WHAT TO DO
Lines to restate from the data below: from the one containing "Самое большое количество" to the one containing "EGAP Ideathon 2025", both included. Give them again exactly, and only them.

EXTRACTED MATERIAL

++++++

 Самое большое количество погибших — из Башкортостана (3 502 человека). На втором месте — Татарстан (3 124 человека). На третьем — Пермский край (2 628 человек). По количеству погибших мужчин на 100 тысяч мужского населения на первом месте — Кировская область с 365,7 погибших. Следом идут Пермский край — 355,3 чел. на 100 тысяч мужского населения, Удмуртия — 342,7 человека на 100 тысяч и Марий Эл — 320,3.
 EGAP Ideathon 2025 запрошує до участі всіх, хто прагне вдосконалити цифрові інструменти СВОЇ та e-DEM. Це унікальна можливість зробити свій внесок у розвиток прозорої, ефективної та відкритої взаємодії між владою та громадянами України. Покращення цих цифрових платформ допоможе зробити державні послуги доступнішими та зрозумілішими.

++++++

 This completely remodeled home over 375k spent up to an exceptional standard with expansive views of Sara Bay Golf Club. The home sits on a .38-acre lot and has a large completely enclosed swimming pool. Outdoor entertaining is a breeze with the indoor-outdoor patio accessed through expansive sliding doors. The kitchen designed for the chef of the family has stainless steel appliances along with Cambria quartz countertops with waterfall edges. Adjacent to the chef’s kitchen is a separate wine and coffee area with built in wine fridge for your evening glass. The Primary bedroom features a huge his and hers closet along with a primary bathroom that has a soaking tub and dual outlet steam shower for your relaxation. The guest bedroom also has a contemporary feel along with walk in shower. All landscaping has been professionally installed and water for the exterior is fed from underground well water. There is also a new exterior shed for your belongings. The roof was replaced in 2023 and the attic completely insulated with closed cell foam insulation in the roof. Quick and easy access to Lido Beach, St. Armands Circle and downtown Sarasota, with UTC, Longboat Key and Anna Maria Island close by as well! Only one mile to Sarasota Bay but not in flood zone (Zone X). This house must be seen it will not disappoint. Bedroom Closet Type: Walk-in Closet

++++++

YOUR RESPONSE
 Самое большое количество погибших — из Башкортостана (3 502 человека). На втором месте — Татарстан (3 124 человека). На третьем — Пермский край (2 628 человек). По количеству погибших мужчин на 100 тысяч мужского населения на первом месте — Кировская область с 365,7 погибших. Следом идут Пермский край — 355,3 чел. на 100 тысяч мужского населения, Удмуртия — 342,7 человека на 100 тысяч и Марий Эл — 320,3.
 EGAP Ideathon 2025 запрошує до участі всіх, хто прагне вдосконалити цифрові інструменти СВОЇ та e-DEM. Це унікальна можливість зробити свій внесок у розвиток прозорої, ефективної та відкритої взаємодії між владою та громадянами України. Покращення цих цифрових платформ допоможе зробити державні послуги доступнішими та зрозумілішими.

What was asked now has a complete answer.